From partnering with an organization that provides transgender surgeries and abortion services, to revising its policy on who can receive Communion, leaders in the faith community are concerned about prominent forces within the Catholic Church that appear to be compromising and even partnering with those who espouse a radically pro-abortion, pro-transgender ideology.
According to Michael Hichborn president of the Lepanto Institute, “there is an attempt to transition” the Church.

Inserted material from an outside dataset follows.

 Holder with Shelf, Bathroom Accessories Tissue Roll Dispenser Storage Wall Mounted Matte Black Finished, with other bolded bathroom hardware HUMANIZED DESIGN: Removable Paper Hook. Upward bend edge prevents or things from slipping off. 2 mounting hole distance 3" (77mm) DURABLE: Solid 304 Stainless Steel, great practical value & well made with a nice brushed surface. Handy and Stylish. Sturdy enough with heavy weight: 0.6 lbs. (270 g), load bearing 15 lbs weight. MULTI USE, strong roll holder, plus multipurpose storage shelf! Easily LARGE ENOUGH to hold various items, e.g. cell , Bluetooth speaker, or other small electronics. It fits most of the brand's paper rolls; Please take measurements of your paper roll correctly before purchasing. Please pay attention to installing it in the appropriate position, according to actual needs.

As explained on its website, “The Lepanto Institute for the Restoration of All Things in Christ is a research and education organization dedicated to the defense of the Catholic Church against assaults from without as well as from within.”
Abortion
The most astonishing shift in the Catholic Church may have to do with abortion. Although the Church’s official stance on abortion has never changed, critics point to a new willingness by individuals high in the Church to compromise with organizations and individuals who publicly espouse or promote abortion.The most recent example is the partnering of a huge Catholic health care network with a women’s health organization that has publicly advertised its goal of providing abortion services.
CommonSpirit Health is the world’s largest Catholic health care network and the second-largest nonprofit hospital system in the United States.

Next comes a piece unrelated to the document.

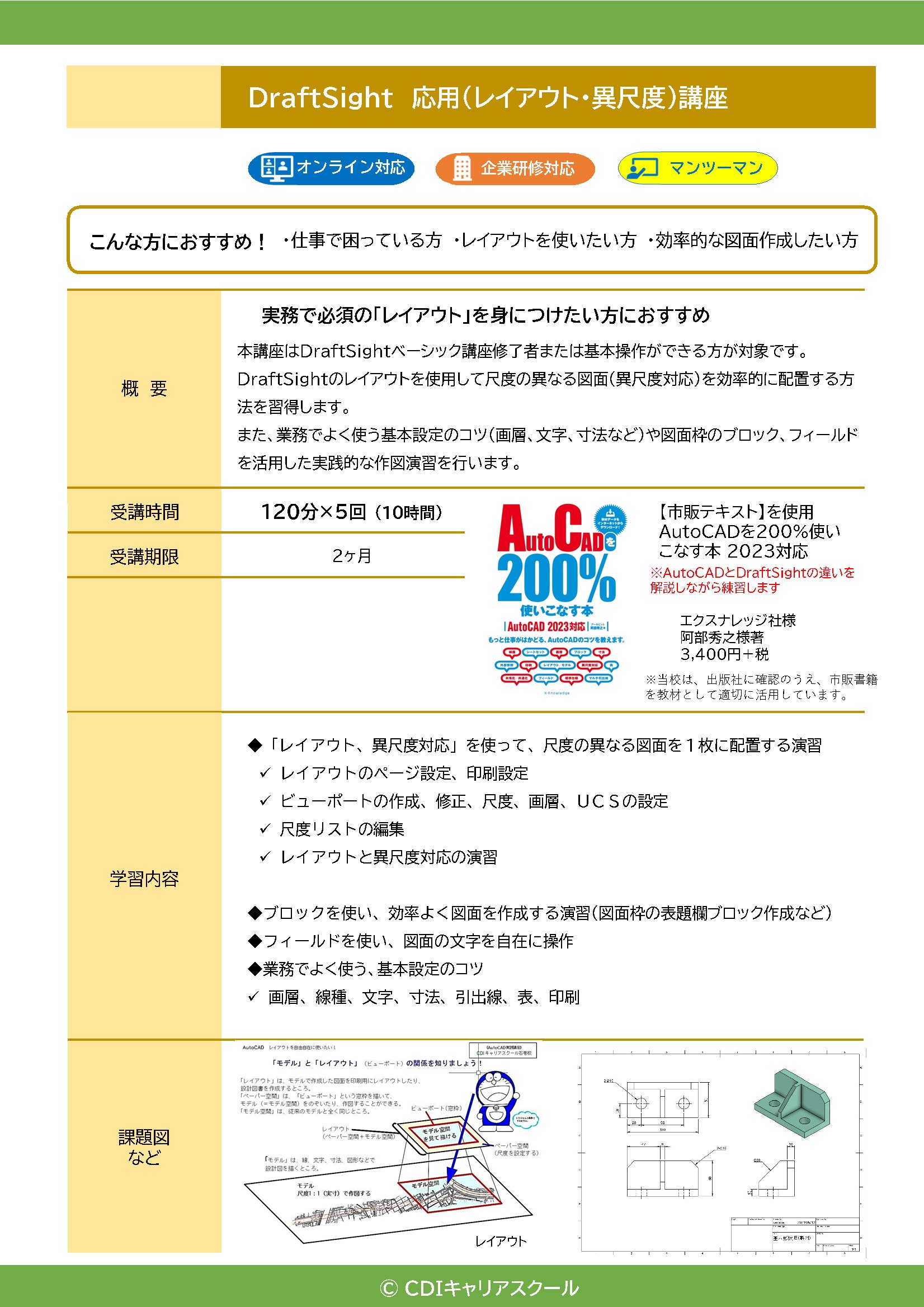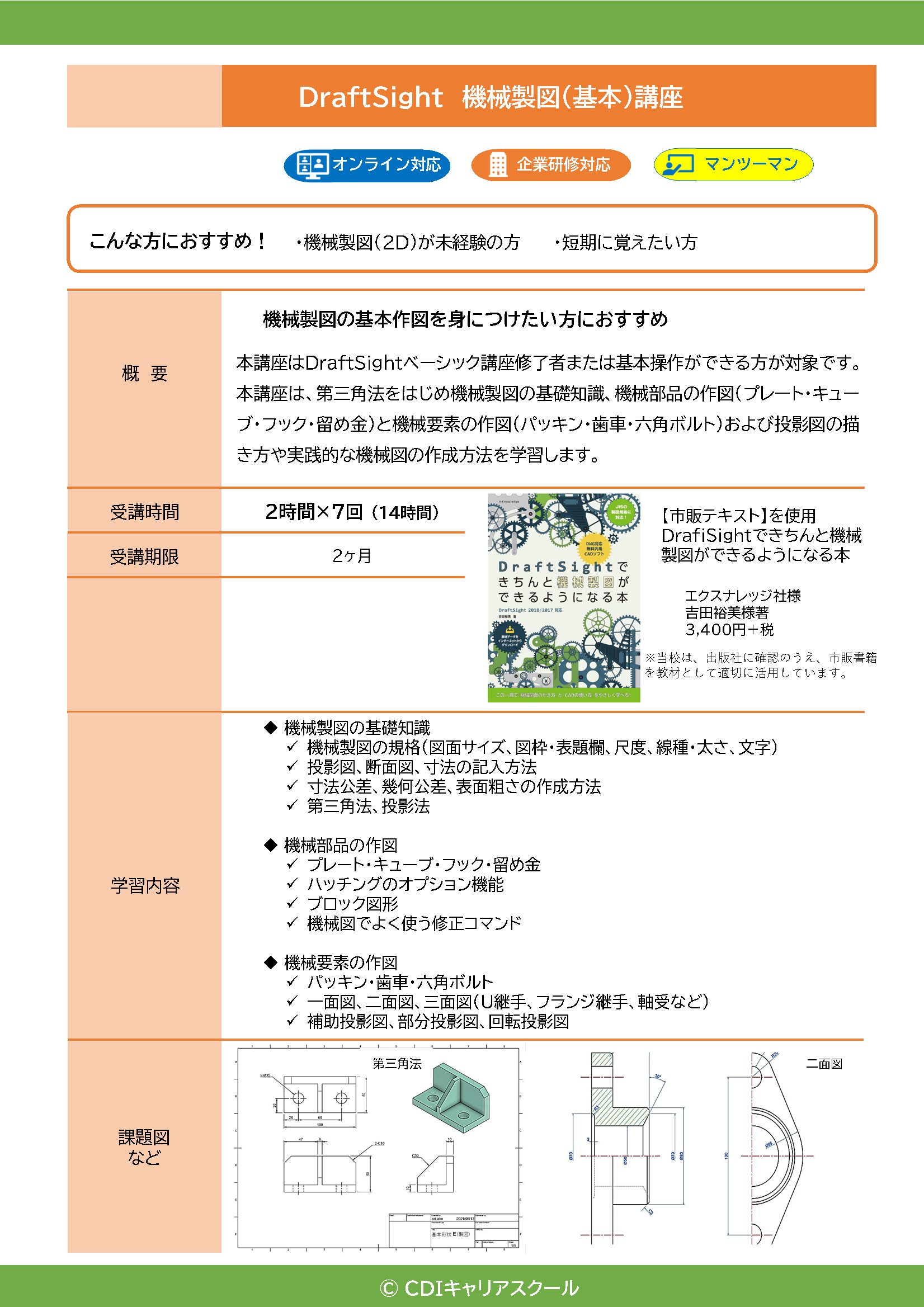 CDIキャリアスクールでは、DraftSightの操作説明に加えて、旧CADで行っていた図面運用を整理し、DraftSightでどのように再構築するかといった視点からのご相談にも対応しています。

CommonSpirit announced its partnership with Tia Women’s Health on March 31, 2021, calling the union a “first-of-its-kind partnership to create a new front door to healthcare for women.”
As the press release explained, “The initial Tia-CommonSpirit pilot” would launch virtually in Spring 2021, followed by a “brick-and-mortar” clinic in Phoenix “with expansions in Arizona and other CommonSpirit markets over the next few years.”
Two years prior, “Ask Tia” appears to have telegraphed its plan to use the pending union to provide abortion services.
In a March 31, 2021 statement by CommonSpirit, Carolyn Witte, the co-founder and CEO of Tia, was quoted saying CommonSpirit is “the ideal partner” to help Tia spread its “model” to a national level and enable them to be recognized for “clinical excellence, and an industry-leading commitment to health equity.”
Transgender Services
As the National Catholic Register reported on July 13, the United States Conference of Catholic Bishops (USCCB) asked its Committee on Doctrine to address the issue of transgender surgeries and hormone treatments—and their incompatibility with Church teaching—for an update to the bishops’ “Ethical and Religious Directives for Catholic Health Care Services" (ERD) (pdf).The report identified 45 facilities, operating as subsidiaries of CommonSpirit under the names Dignity Health and Virginia Mason Franciscan Health, that provide one or more services including transgender care, sex-change surgeries, employee health care benefits that cover such services, abortion, contraception, or surgical sterilization.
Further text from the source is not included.